Dataset collection: 3 months (ongoing). Architecture experiments: 3 months. Training & evaluation: 3 months. Production hardening: 3 months. First production model targeted H2 2026.
We plan to open-source the base model weights for the Indian document VLM — giving back to the community that gave us PaddleOCR. Domain-specific fine-tuning (fintech fields, validation logic) remains proprietary.
Why we believe this is achievable: PaddleOCR-VL proved a 0.9B model can match or beat multi-billion parameter VLMs on document parsing. We're not building a general-purpose vision model — we're building a specialist that only needs to understand Indian financial documents. A narrower domain means less data, less compute, and a smaller model. The hardest part isn't the architecture — it's the dataset. That's where we're investing most heavily.

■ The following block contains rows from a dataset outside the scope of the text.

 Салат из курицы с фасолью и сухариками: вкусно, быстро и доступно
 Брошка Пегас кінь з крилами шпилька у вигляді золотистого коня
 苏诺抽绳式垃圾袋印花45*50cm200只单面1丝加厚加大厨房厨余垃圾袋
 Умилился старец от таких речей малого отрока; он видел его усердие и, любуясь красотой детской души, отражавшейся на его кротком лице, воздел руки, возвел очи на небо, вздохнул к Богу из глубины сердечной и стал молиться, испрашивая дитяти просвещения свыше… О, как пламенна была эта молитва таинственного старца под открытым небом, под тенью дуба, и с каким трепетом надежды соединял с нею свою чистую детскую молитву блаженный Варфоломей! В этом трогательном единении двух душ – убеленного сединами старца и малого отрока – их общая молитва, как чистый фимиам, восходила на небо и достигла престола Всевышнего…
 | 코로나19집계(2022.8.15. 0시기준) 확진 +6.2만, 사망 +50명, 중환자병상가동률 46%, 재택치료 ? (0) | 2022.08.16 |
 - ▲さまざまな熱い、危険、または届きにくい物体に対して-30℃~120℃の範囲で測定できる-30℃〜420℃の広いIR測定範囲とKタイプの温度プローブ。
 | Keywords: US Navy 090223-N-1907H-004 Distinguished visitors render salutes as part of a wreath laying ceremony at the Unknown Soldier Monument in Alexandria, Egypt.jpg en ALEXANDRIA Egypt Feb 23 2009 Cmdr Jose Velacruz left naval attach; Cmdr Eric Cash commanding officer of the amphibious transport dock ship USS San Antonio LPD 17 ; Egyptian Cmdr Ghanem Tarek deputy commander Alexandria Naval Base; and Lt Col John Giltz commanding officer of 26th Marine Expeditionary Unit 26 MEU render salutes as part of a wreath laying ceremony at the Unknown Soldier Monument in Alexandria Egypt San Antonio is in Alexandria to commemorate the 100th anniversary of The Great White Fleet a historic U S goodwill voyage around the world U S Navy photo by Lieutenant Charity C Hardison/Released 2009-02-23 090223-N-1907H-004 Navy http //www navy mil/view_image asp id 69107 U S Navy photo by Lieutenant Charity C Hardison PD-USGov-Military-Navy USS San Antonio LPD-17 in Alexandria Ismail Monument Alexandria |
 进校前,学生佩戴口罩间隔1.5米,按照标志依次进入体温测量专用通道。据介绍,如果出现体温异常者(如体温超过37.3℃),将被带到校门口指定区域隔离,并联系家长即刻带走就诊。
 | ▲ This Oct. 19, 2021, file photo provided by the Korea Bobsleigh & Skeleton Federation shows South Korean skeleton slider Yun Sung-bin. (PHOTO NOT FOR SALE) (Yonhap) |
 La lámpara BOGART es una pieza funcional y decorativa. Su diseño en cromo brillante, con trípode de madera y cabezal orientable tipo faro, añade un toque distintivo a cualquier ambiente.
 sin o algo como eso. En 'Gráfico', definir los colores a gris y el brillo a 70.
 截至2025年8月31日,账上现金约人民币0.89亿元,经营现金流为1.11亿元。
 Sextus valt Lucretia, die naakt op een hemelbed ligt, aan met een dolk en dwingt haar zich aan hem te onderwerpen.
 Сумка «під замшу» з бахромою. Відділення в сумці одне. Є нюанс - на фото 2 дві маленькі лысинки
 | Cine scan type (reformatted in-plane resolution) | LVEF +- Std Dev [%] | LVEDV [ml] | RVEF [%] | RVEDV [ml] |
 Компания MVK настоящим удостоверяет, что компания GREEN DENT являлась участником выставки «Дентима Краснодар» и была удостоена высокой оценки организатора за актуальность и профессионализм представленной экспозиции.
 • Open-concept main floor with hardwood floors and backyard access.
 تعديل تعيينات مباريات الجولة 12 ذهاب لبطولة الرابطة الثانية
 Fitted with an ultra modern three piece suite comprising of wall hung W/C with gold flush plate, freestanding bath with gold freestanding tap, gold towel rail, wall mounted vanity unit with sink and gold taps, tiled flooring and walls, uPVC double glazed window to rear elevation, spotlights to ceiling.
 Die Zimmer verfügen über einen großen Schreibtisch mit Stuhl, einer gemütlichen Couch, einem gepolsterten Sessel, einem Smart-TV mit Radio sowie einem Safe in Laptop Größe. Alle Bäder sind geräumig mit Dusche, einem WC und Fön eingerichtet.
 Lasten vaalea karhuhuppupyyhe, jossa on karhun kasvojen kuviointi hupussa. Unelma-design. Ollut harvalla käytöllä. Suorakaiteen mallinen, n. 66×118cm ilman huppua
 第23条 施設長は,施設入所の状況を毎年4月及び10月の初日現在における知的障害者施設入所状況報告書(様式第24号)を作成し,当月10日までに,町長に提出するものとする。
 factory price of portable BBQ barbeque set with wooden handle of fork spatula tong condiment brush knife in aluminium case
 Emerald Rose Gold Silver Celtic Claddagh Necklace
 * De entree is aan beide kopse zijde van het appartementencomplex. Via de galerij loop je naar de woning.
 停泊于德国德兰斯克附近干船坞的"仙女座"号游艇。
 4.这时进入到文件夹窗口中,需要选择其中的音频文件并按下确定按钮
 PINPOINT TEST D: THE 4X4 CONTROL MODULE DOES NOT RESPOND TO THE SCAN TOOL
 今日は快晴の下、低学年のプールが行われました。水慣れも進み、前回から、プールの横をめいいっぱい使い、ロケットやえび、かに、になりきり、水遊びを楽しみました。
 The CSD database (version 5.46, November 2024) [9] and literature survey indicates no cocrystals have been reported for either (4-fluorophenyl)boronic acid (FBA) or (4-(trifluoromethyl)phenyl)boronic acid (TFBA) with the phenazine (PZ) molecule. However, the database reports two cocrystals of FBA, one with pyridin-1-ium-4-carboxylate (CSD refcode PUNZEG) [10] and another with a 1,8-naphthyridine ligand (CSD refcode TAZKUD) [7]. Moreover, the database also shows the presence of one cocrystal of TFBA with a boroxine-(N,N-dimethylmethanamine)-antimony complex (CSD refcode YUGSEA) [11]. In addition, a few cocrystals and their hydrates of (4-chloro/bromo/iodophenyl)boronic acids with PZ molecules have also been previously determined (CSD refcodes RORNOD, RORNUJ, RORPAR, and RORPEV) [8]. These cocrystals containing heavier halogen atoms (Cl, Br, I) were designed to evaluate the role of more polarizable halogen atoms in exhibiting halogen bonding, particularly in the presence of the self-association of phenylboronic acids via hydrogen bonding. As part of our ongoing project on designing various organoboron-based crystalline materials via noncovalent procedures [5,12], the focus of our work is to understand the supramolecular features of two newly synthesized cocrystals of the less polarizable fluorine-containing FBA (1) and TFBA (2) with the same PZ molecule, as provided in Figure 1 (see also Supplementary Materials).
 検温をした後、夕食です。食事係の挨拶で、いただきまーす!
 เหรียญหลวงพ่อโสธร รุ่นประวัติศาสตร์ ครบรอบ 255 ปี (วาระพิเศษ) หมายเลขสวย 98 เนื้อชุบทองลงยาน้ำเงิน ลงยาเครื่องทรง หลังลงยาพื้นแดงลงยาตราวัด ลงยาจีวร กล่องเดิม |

Borrower takes a photo during the loan conversation. DocSense processes it in real-time — extracting fields, validating data, and asking clarifying questions if information is missing or unclear. No separate upload flow needed.
Automatically flags inconsistencies across documents: name mismatch between Aadhaar and PAN, address discrepancy between utility bill and loan application, Udyam number format validation, GSTIN status check. Catches errors before they reach the underwriter.
PP-OCRv5 supports Hindi (Devanagari), Bengali, Tamil, Telugu, Kannada, Malayalam, Gujarati, Marathi, Odia, Punjabi (Gurmukhi), and English — in a single model. Code-switched documents (Hindi headers with English body text) handled natively.
Bank statements, financial statements, GST returns — all rely on table parsing. PP-StructureV3's table recognition handles complex layouts including merged cells, nested headers, and multi-page tables that span across scanned pages.
Flags documents with potential tampering: inconsistent fonts, pixel-level editing artifacts, misaligned text. Also detects expired documents, invalid format numbers (wrong Aadhaar check digit, invalid PAN format), and incomplete submissions.
Extending PaddleOCR's handwriting recognition for Devanagari script — critical for rural loan applications where borrowers fill forms by hand. Training on field-collected samples from Jharkhand, UP, and Bihar. This is one of the hardest unsolved problems in Indian document AI.